Based on the issues just described, this article aimed to evaluate the mechanical performance of VTAOs as a rehabilitation strategy for urban pavements. For this purpose, a VTAO with thickness of 20 mm was studied using a range of tests (internal cohesion, resistance to climate deterioration, resistance to plastic deformations and fatigue cracking, skid resistance, fuel resistance and permeability), and the results were compared with those produced by a high performance BBTM 11B.


2.1. MaterialsTOP

For this study, two types of asphalt mixtures were used: a VTAO mixture (referred as VTAOM in this paper) and a BBTM 11B (employed as a control) commonly used as overlay in asphalt pavements. The gradations of studied mixtures are depicted in Figure 1.

Figure 1. The aggregate gradation curves for studied mixtures.


As can be observed, the maximum size of aggregates in the VTAO mixture (referred to as VTAOM in this paper) is 8 mm (in order to apply this mixture in layers of reduced thickness). Ophitic and limestone aggregates were used as coarse and fine fractions respectively (sand and filler) for preparing VTAOM. Ophitic aggregates were used to meet the demands for high polish and wear resistance in such a thin asphaltic layer while limestone aggregates were used to improve the durability by virtue of a better affinity with the bitumen (11). Further, a SBS (styrene-butadiene-styrene) polymer-modified bitumen (BM3b) was used to manufacture the VTAOM. The optimum bitumen content of the VTAOM was fixed at 5.3% by the total weight of mixture (Table 1), defined from the results obtained in the mix design procedure.

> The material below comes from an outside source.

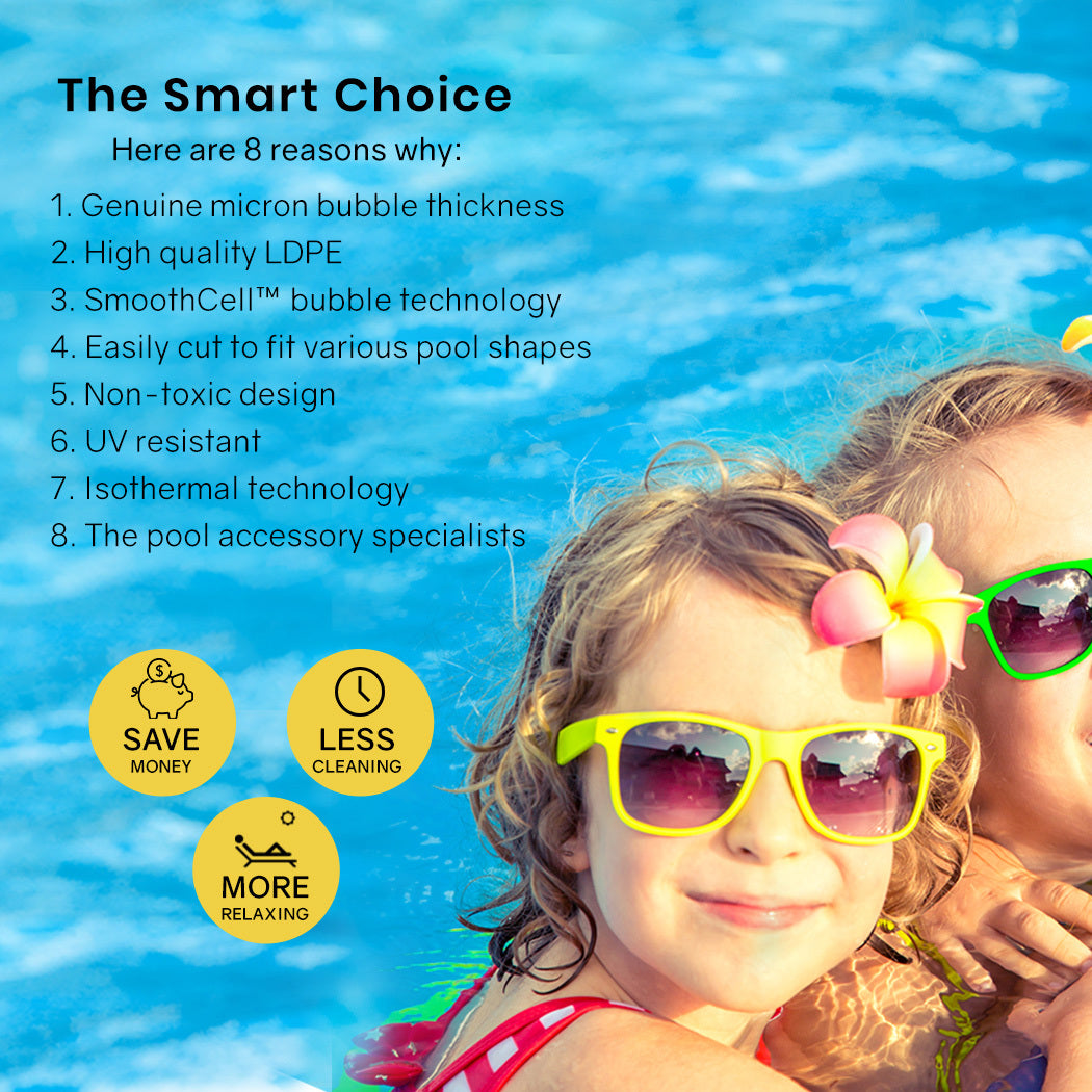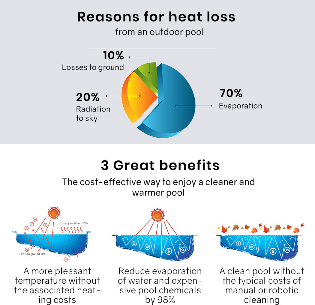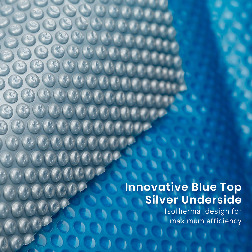 The innovative split blue and silver isothermal design fulfils unique benefits for your pool. While the sun is shining, the translucent blue rippled surface allows for greater heat to easily pass through, magnified by the bubbles to naturally heat the water. The silver underside then acts to trap the heat underneath and retain the pool's warmth for longer periods of time, which means swimming seasons extend further into the year.

Table 1. Properties of the mixtures studied and their optimum bitumen content.
Property (unit) Standard VTAOM BBTM 11B AC 32
Optimum bitumen content (%) - 5.3 5.0 3.8
Bulk density (g/cm3) UNE-EN 12697-6 2.652 2.498 2.423
Air void (%) UNE-EN 12697-8 4.100 12.100 5.800
Voids in Mineral Aggregate (%) UNE-EN 12697-8 17.500 24.200 14.600
Marshall stability (kN) UNE-EN 12697-34 19.900 - 16.600
Marshall flow (mm) UNE-EN 12697-34 3.750 - 2.4100
Particle loss (%) UNE-EN 12697-17 - 3.000 -

For the BBTM 11B (EN 13108-2) (12), its gradation (with a maximum size of 11 mm) was also formed using ophitic and limestone aggregates for the coarse and fine fractions, respectively. Cement was used as filler in this mixture. The binder used for manufacturing BBTM 11B was a polymer (SBS) modified bitumen type BM3c. According to Table 1, the optimum bitumen content for BBTM 11B is equivalent to 5.0% of the total weight of mixture.

In order to evaluate the mechanical performance of VTAOM and BBTM 11B as thin overlays, an AC 32 mixture (EN 13108-1) (13) containing limestone aggregates (i.e. coarse, fine, and filler fractions) was used as the base asphaltic layer in some of the tests developed in this study. The gradation used in AC 32 is displayed in Figure 1. A 35/50 penetration grade bitumen was used for producing this mixture. As shown in Table 1, the optimum bitumen content for AC 32 was specified at 3.8% of the total weight of the mixture. The surface appearance of the three mixtures used in this study after their compaction can be observed in Figure 2.

Figure 2. The surface appearance of the compacted mixtures.


To develop an adequate adhesiveness between the thin overlays (VTAOM and BBTM 11B) with the base asphaltic layer (AC 32), an ECR SBS modified bitumen emulsion (C60BP4) was selected as tack coat. A 2.0 kg /m2 dosage of this emulsion was selected to provide an adhesive interlayer between the VTAOM and AC 32 (since the maximum aggregate size of VTAOM is considerably low, it is necessary to provide a tack coat with a considerably high dosage of emulsion in order to avoid the appearance of distresses related to a lack of adhesion such as slippage, striping, etc.). The quantity of emulsion sprayed between BBTM 11B and AC 32 was equal to 0.6 kg /m2, which is the common dosage used for these types of interlayers (5).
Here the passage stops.